94–0.99; P < 0.05) and elevated urinary microalbumin (OR 1.02; 95% CI 1.01–1.03; P < 0.05) were significantly associated with anti-diabetic medication treatment. The only independent factor associated with pharmacological treatment for hypertension was elevated HbA1c (OR 1.4; 95% CI 1.0–2.0; P < 0.05). Patient factors associated with prescription of lipid-lowering agents

were a past history of cardiovascular disease (OR 5.0; 95% CI 2.0–12.5; P < 0.001), BTK inhibitor library concurrent use of anti-hypertensive agents (OR 2.6; 95% CI 1.2–5.8; P < 0.05) and elevated triglyceride (OR 1.9; 95% CI 1.2–3.1; P < 0.01).
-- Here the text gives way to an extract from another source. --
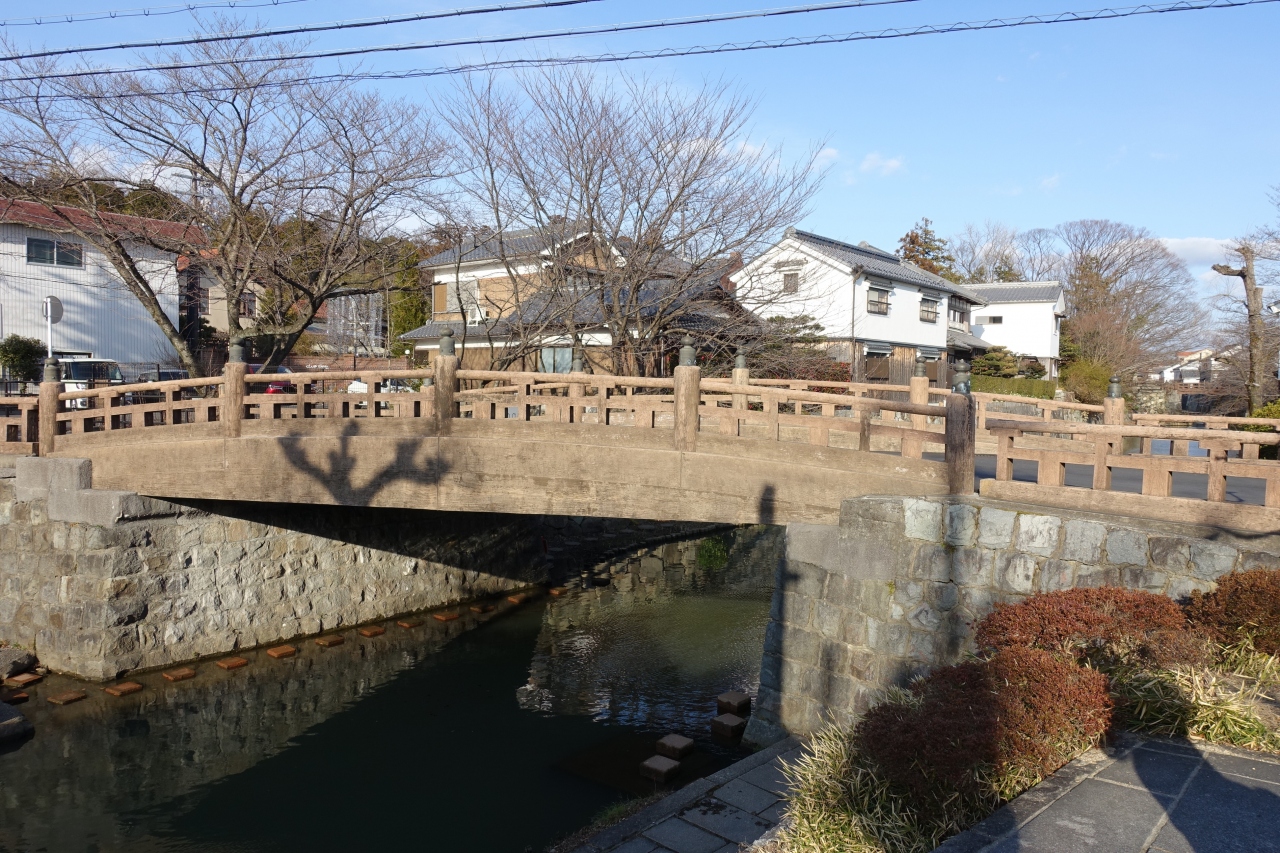 近江八幡の中心となる「新町通り」と並行して1本東側を通るのが「魚屋町通り」です。この魚屋町通りが八幡堀と交わる部分に架かるのが「明治橋」です。見ごたえある八幡堀の光景の中でも代表的なのがここではないかと思います。残念に思ったのは写真を撮ると電線が写り込んでしまうこと、是非地中化を進めて欲しいと思いました。

Treatment targets were not being translated into clinical practice in this cohort of patients with type 2 diabetes. Patients with acceptable HbA1c levels, with no history of cardiovascular disease and those taking few medications were at risk of being overlooked for the pharmacotherapy they

required. “
“Objective The purpose of this study is to examine the unit costs of a multi-service hospital in Palestine for the period 2005–2007. We investigate the cost structure of the Rafidya Hospital located in Nablus city, find more for both inpatient and outpatient departments. Methods This study uses cost–volume–profit (CVP) analysis, also known as breakeven analysis. CVP analysis requires examining total costs, along with fixed and variable costs. CVP analysis illuminates how changes in assumptions about cost behaviour and the relevant range in which those assumptions are valid affect the relationships among revenues, variable costs and fixed costs at various production levels. Key findings For the hospital of interest, we find that fixed costs account for 70% of total costs, and variable costs were 30% of total costs. Inpatient departments accounted for 86% of total costs, and outpatient departments were 14% of total costs. Results of the breakeven analysis illustrate that several departments charge sufficient fees to cover all unit costs. Conclusions Results provide useful information about unit cost based on four categories: (1) unit cost per admission of each department, (2) unit cost per patient day of each department, (3) unit cost per admission with

annual capital cost of each department and (4) unit cost per patient day with annual capital cost. Our results provide hospital cost information that can be used 17-DMAG (Alvespimycin) HCl by decision-makers to provide and expand healthcare services, in an effort to increase sustainability and profitability. The use of cost analysis by administrators and regulators will improve the quality of financial information, as well as enhance the efficient use of scarce resources. “
“Mortality and morbidity are increased in patients experiencing drug–drug interactions (DDIs). Critically ill patients are at an increased risk of adverse events from DDIs due to the large number of medications that they take and their changes in organ function. Currently, there is a lack of literature describing DDIs in the intensive care unit (ICU).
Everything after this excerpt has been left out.